2. Write an engaging subject line
Subject line is the initial point that decides the performance of your cold emailing. It’s what can push your prospects towards opening an email.
An average of only 23.9% of sales emails are opened. The remaining lose business opportunities.
So, keep it specific, and intriguing. The subject lines can be long or short, just not confusing. Complex subject lines that do not hit the recipients with a connection will easily be ignored. An ideal and good subject line might refer to a mutual interest, an industry insight, or a pain point of the prospect.
A few examples of well-written cold email subject lines:
- A (benefit) for (prospect’s company)
- (Mutual connection) recommended I get in touch.

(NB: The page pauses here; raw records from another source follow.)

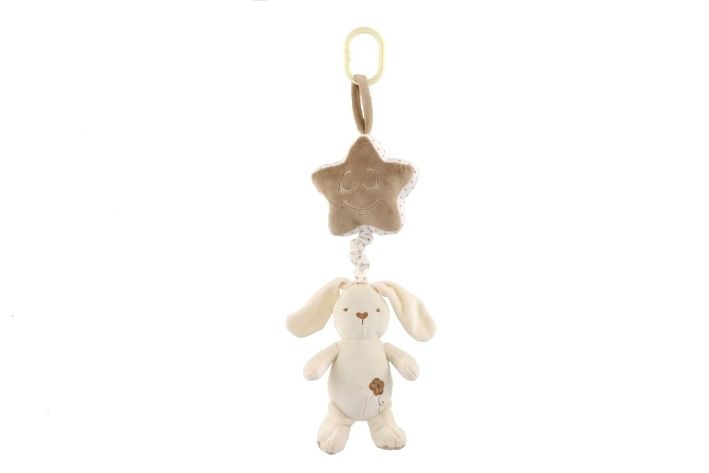 Natahovací plyšový zajíc s hvězdou hraje příjemnou melodii, která miminko uklidní a pomáhá mu při usínání. Hračku lze zavěsit za pomocí klipu na postýlku nebo kočárek. Hrací strojek je zabudovaný uvnitř hvězdičky, zajíček slouží jako natahovací klip.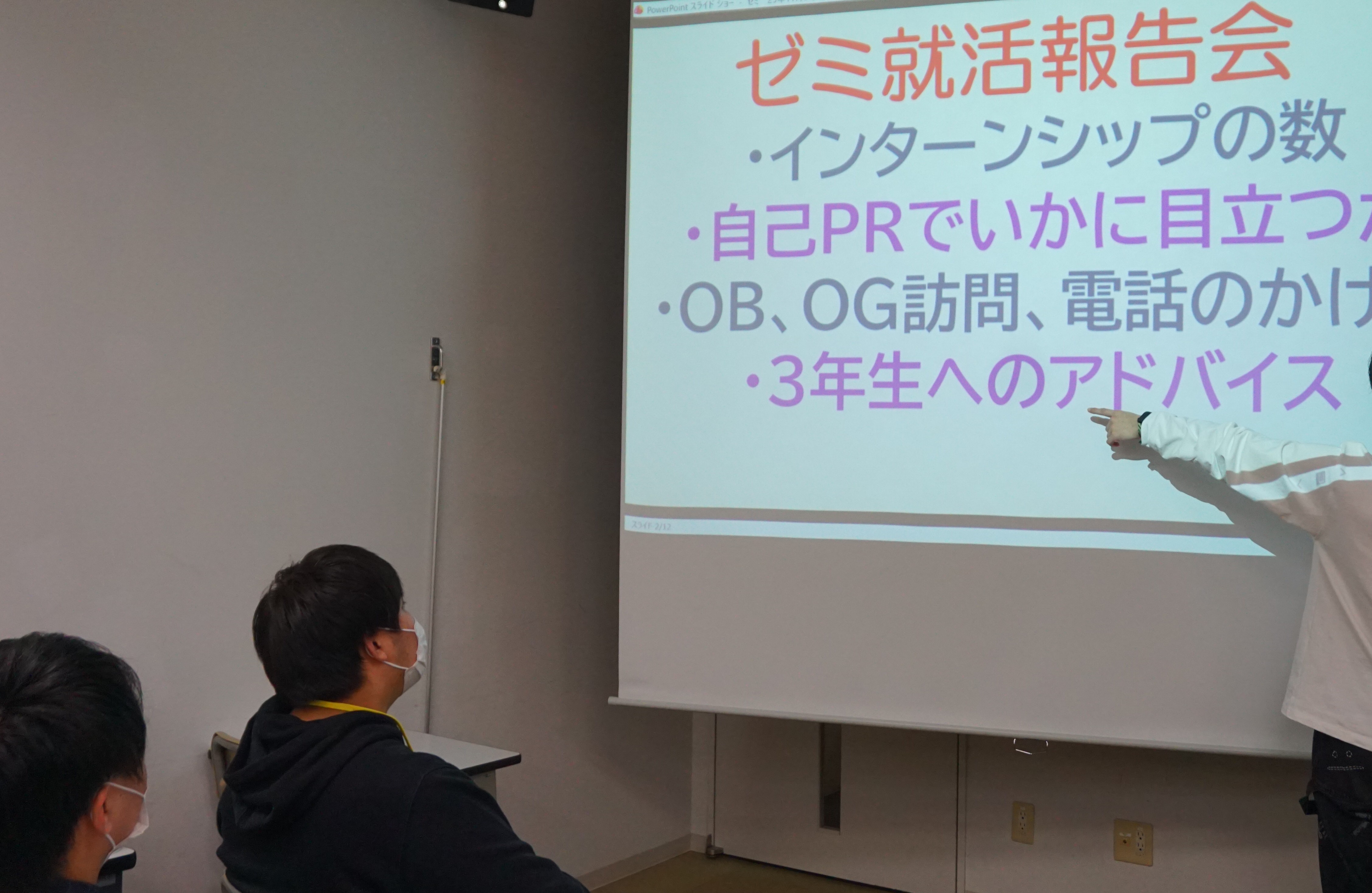 林ゼミでは、就活を終えた4年生による成果発表会を実施しました。就活がスタートしたばかりの後輩たちからはたくさんの質問がとびかいました。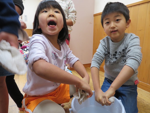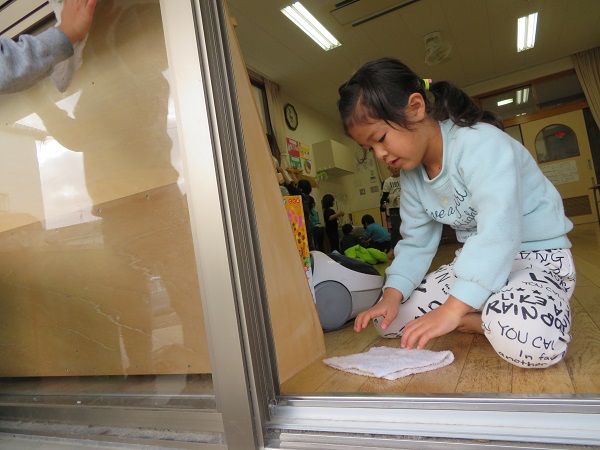 2018年12月27日 大掃除!今日はみんなで大掃除!いい気持ちで新年が迎えられるようにと、気合が入ります。一列になって雑巾がけです。毎日しているので、足腰の強さには自信があります✨すっかりきれいになったお部屋にみんな大満足です。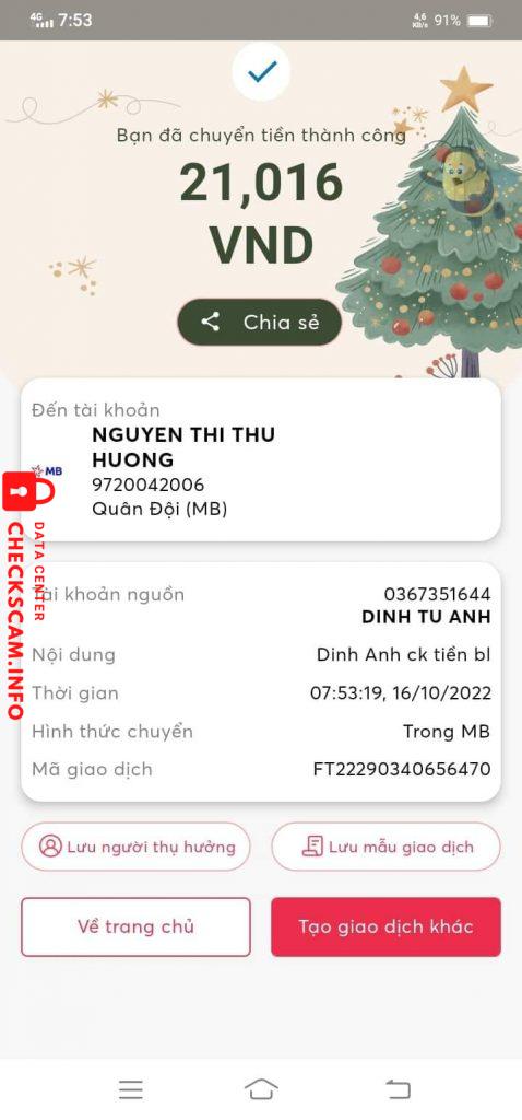 诈骗者警报: NGUYEN THI THU HUONG 已报告: November 16, 2024 诈骗者信息 全名: NGUYEN THI THU HUONG 支付网关: Mb bank 支付账户: 9720042006 类别: 市场诈骗 来源: Checkscam 证据文件 报告描述 Chuyên đi scam số tiền nhỏ 评论 您的评论 添加评论 暂无评论。成为第一个分享您与此诈骗者经历的人。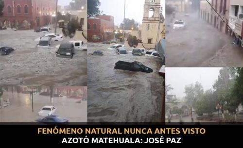 “El jueves por la noche empezó uno de los fenómenos naturales nunca antes visto en la ciudad, una tromba torrencial que se suscitó causando grandes daños materiales y generando un pánico generalizado entre los ciudadanos, que no podíamos creer lo que estaba sucediendo, vehículos arrastrados por el agua, motocicletas entre la corriente y un sinfín de objetos navegando por las calles de la ciudad”, narra el comunicador de la estación radiofónica Oye 105 FM de Matehuala, José Paz Villanueva.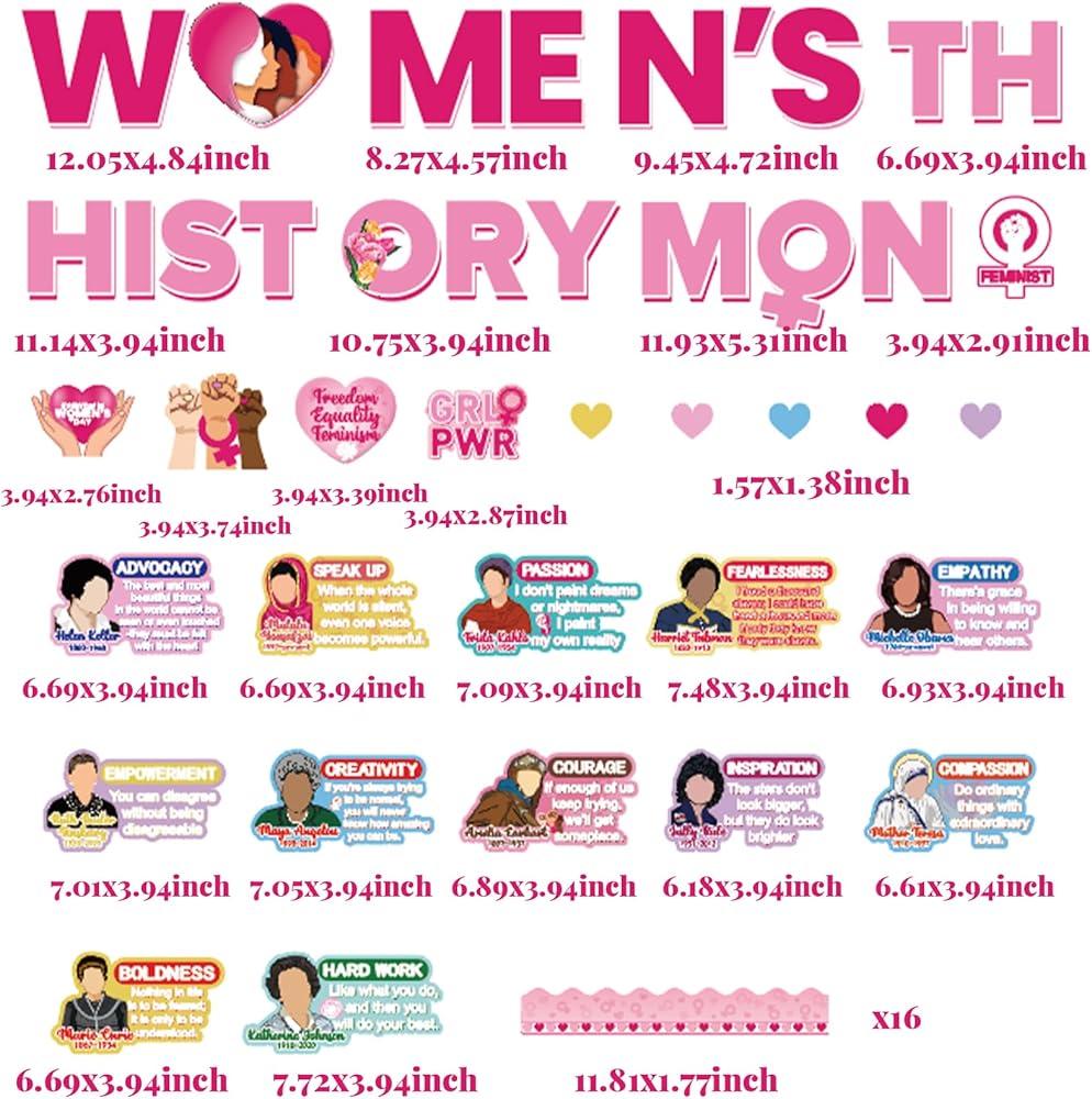 package includes: this women history month decorations package includes 11 pieces of womens inspirational quotes posters pattern cutouts 15 pcs women's history month decorations cutouts and 16 pieces of black history bulletin borders, enough to meet your womens history month bulletin board decorations needs. the womens history month classroom decorations also comes with 4 sheets of glue points for easy application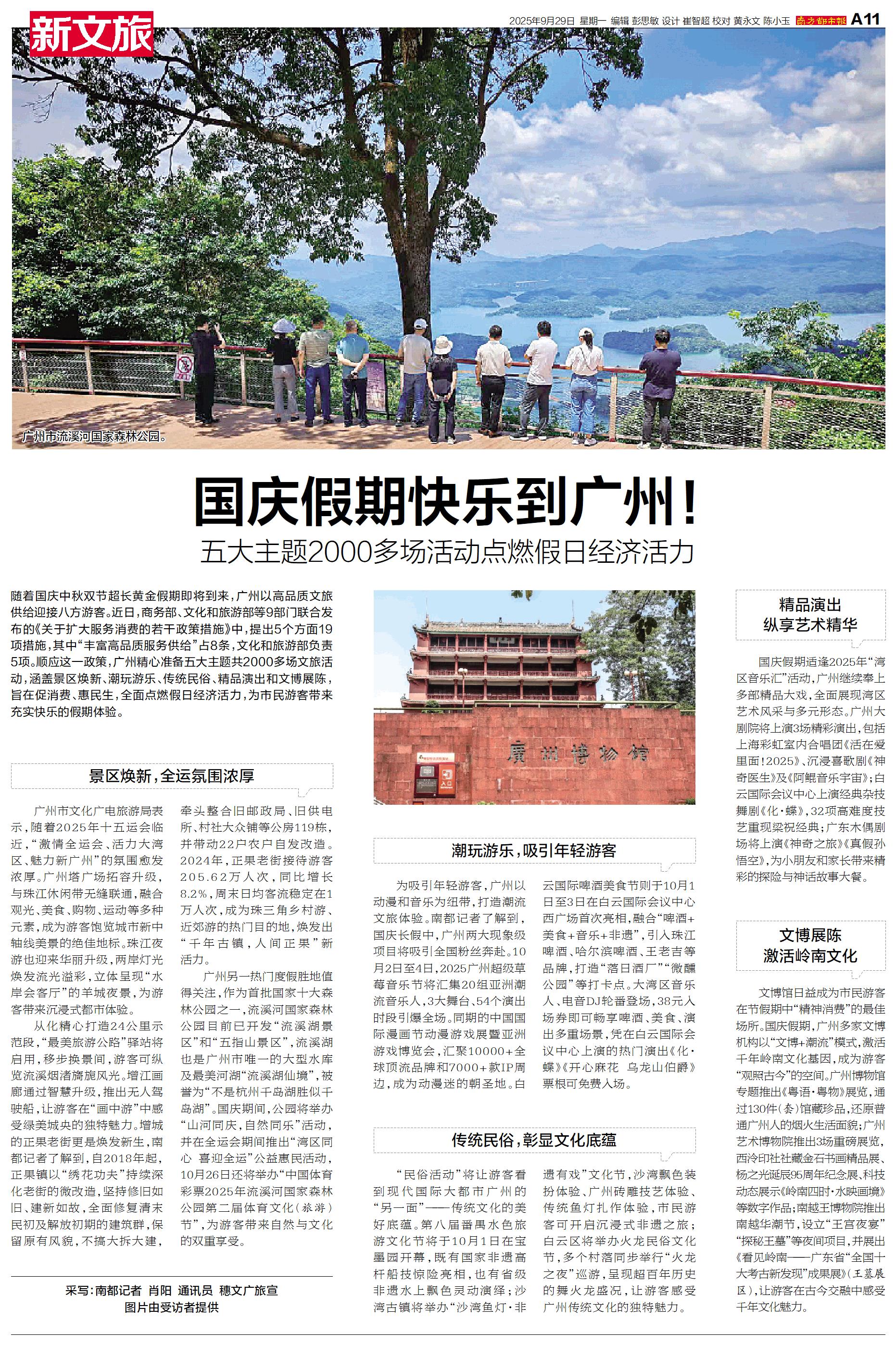 随着国庆中秋双节超长黄金假期即将到来,广州以高品质文旅供给迎接八方游客。

- 5X (company name) (prospect’s responsibilities).
- Struggling with (pain point)? You’re not alone.
3. Short and direct
If you want your prospect to know everything about a subject, write a blog. Not an email.
Always keep your emails short and straight to the point. Also, people tend to check emails on the go. So, aim for around 100 – 150 words for your cold emails, getting straight to the point but also providing enough information that can make the prospect interact with the email is crucial.
While writing either long or short cold emails, add sales hooks at the beginning of your cold emails. These sales hooks can lure your prospects towards taking action.
4. Start with a hook
After the subject lines provoke the prospects to have a look at the email, the first sentence of the cold email body is pivotal for the recipient to read the rest.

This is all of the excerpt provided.